O governo federal está finalizando um decreto que estabelecerá restrições ao acesso de crianças e adolescentes a apostas, jogos de azar, pornografia e outros conteúdos considerados impróprios na internet. A medida deve ser publicada até o fim de fevereiro e regulamentará regras aprovadas em 2025 que obrigam plataformas digitais e lojas de aplicativos a adotarem sistemas efetivos de verificação de idade.

O texto determina que sites e aplicativos que ofereçam ou promovam apostas, conteúdo adulto, serviços de acompanhantes, bebidas alcoólicas, aplicativos de relacionamento e armas implementem mecanismos de checagem etária. As empresas não poderão se basear exclusivamente na idade autodeclarada pelos usuários, conforme minuta analisada pela imprensa internacional.

Nova lei entra em vigor em março

O decreto regulamenta uma lei que passará a valer em março, com o objetivo de proteger menores de conteúdos prejudiciais ou ilegais. O texto ainda pode sofrer ajustes finais antes da publicação oficial.

A regulamentação brasileira, no entanto, não deve atingir o nível de rigidez adotado pela Austrália, que proibiu adolescentes de utilizarem redes sociais como Facebook, Instagram e TikTok. No caso brasileiro, a proposta prevê que perfis de usuários com menos de 16 anos estejam vinculados a um responsável legal.

Impacto sobre plataformas digitais

As novas regras afetarão jovens que utilizam redes sociais, sites de apostas e plataformas de conteúdo adulto em todo o país. Todas as empresas que operam no Brasil — inclusive companhias internacionais — deverão se adequar às exigências.

O decreto também prevê a criação de um sistema oficial de verificação de idade, desenvolvido pelo próprio governo, que poderá ser utilizado nos sites e aplicativos. A proposta inclui salvaguardas para proteger dados pessoais, proibindo o rastreamento de identidade, histórico de navegação ou registros de solicitações e verificações realizadas pelos usuários.

Movimento internacional de restrição

O Brasil acompanha uma tendência global de maior controle sobre o acesso de jovens à internet. A Espanha apresentou proposta para restringir o uso de redes sociais por adolescentes, enquanto pelo menos dez países europeus e a própria União Europeia discutem medidas semelhantes.

Até o momento, não foram detalhados os procedimentos técnicos de verificação obrigatória nem as penalidades para empresas que descumprirem as regras.

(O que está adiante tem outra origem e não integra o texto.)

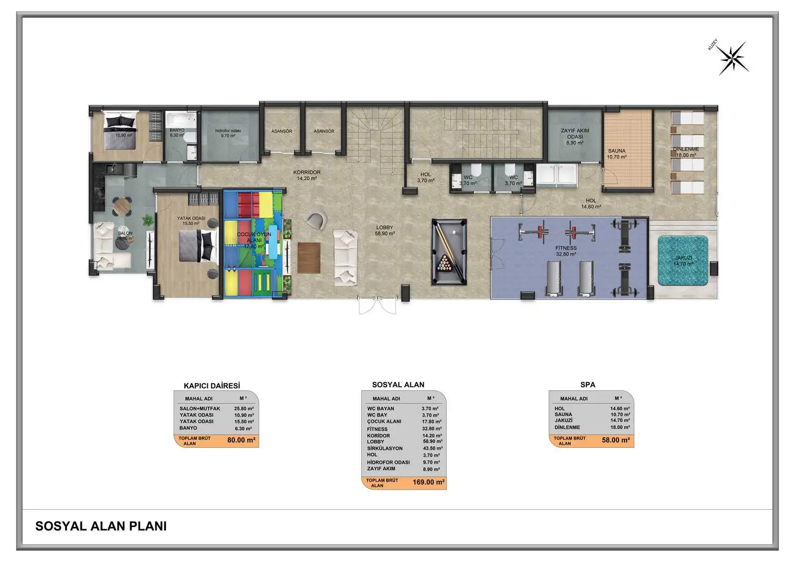 В комплексе предусмотрены следующие удобства: бассейн, тренажерный зал с профессиональным оборудованием, джакузи, сауна, детская игровая площадка, детский клуб, зона барбекю, бильярд, мини гольф, охрана, парковка.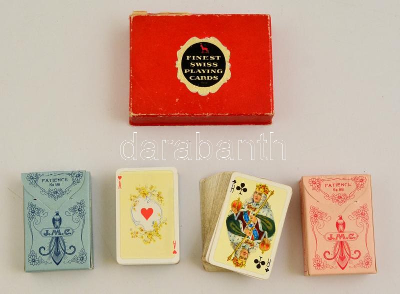 Leírás: 2 pakli francia mini kártya, eredeti dobozában, papír tartóban, jó állapotban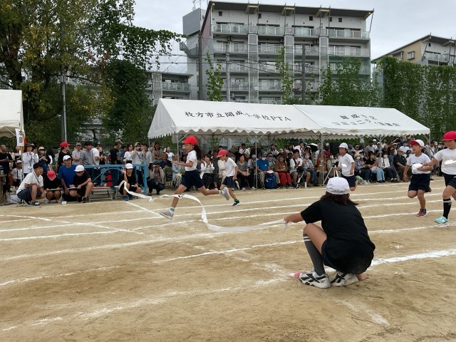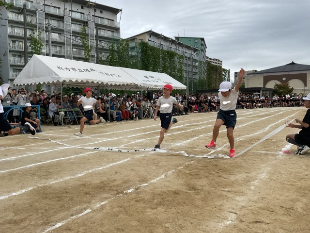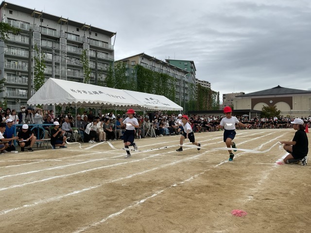 初めてのカーブ走。長い距離を全力で駆け抜けます。最後まで諦めずに頑張る姿が学校良かったですね!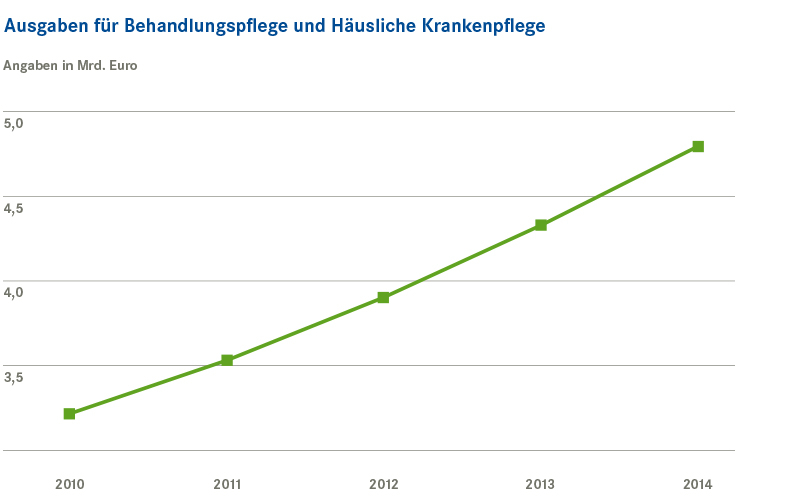 In oscare® existiert die Möglichkeit, dass Dienstleister von Pflegediensten über eine zertifizierte Schnittstelle Verordnungen der Häuslichen Krankenpflege inklusive des Images maschinell anliefern können. Dies ist eine deutliche Erleichterung und spart Erfassungsaufwand. Abgerundet wird die Lösung mit den neuen Möglichkeiten der Autogenehmigung. Nach prozessspezifischen Anforderungen können Kassen festlegen, welche Fälle regelhaft und gleichartig genehmigt werden sollen, damit die Sachbearbeiter sich auf die wichtigen Fälle konzentrieren können. Ein weiterer Schritt in die Digitalisierung und Automatisierung von Prozessen. Die folgende Grafik belegt die Bedeutung der Häuslichen Krankenpflege im Ausgabenkontext der GKV. Die Bedeutung und wie wichtig das Thema für einen Bereich wie die Häusliche Krankenpflege ist, sieht man an den Zahlen.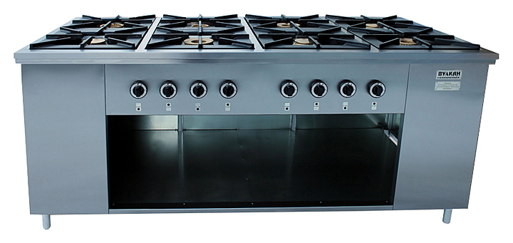 Газовая плита Вулкан ПРГ-IIA-8 Maxi предназначена для приготовления первых, вторых и третьих блюд в наплитной посуде на предприятиях общественного питания и торговли. Модель оснащена газ-контролем, пьезорозжигом и запальной горелкой. Корпус выполнен из нержавеющей стали, решетка — из чугуна, газовые горелки — из латуни.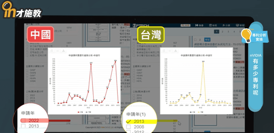 不過在這裡IPTECH也幫我們就nVIDIA在美國、台灣專利量顯示出來了,美國大概有6170案、台灣大概655案。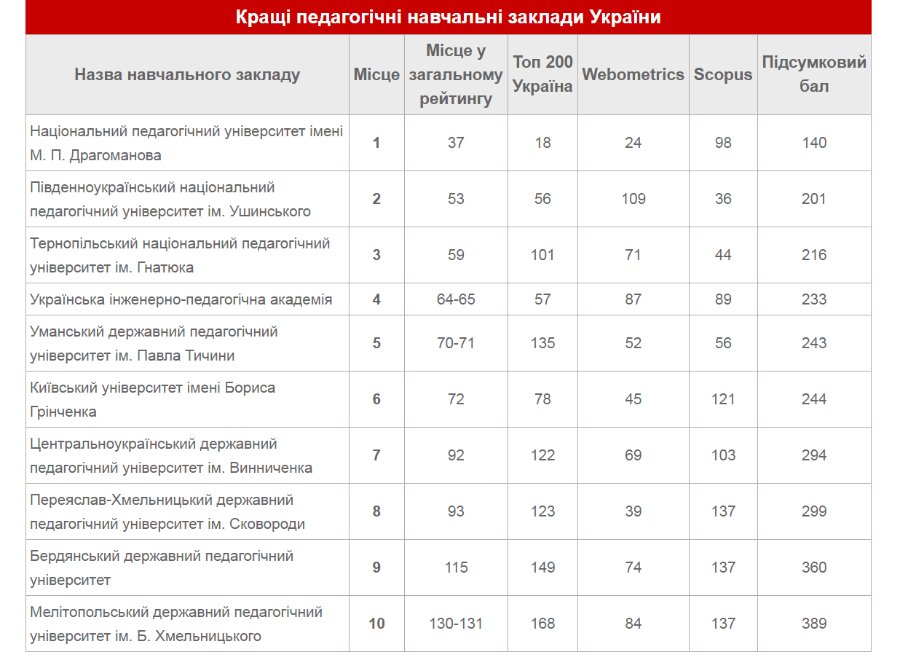 ТОП-10 педагогічних вишів України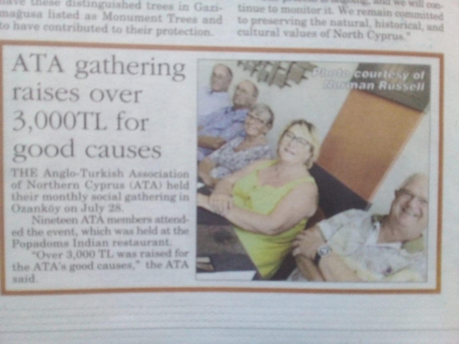 The Anglo Turkish Association (ATA) of Northern Cyprus organizes various social events and trips to raise funds for and to support , many good causes locally mainly involving schools and disadvantaged children.

Contexto político e regulatório

O país tem intensificado a regulamentação das plataformas digitais desde os ataques aos prédios dos Três Poderes, ocorridos em 8 de janeiro de 2023, em Brasília. Após os episódios, o governo do presidente Luiz Inácio Lula da Silva passou a defender maior responsabilização das empresas de tecnologia.

Parlamentares de oposição têm criticado propostas de regulação, alegando risco de censura. Apesar disso, o Supremo Tribunal Federal decidiu no ano passado pela ampliação da responsabilidade das redes sociais sobre conteúdos ilegais publicados em suas plataformas.

O Congresso Nacional também analisa um projeto de regulamentação da inteligência artificial, cuja votação pode ocorrer ainda em 2026.

Até a publicação oficial do decreto, o governo não divulgou posicionamento detalhado sobre os dispositivos finais da norma.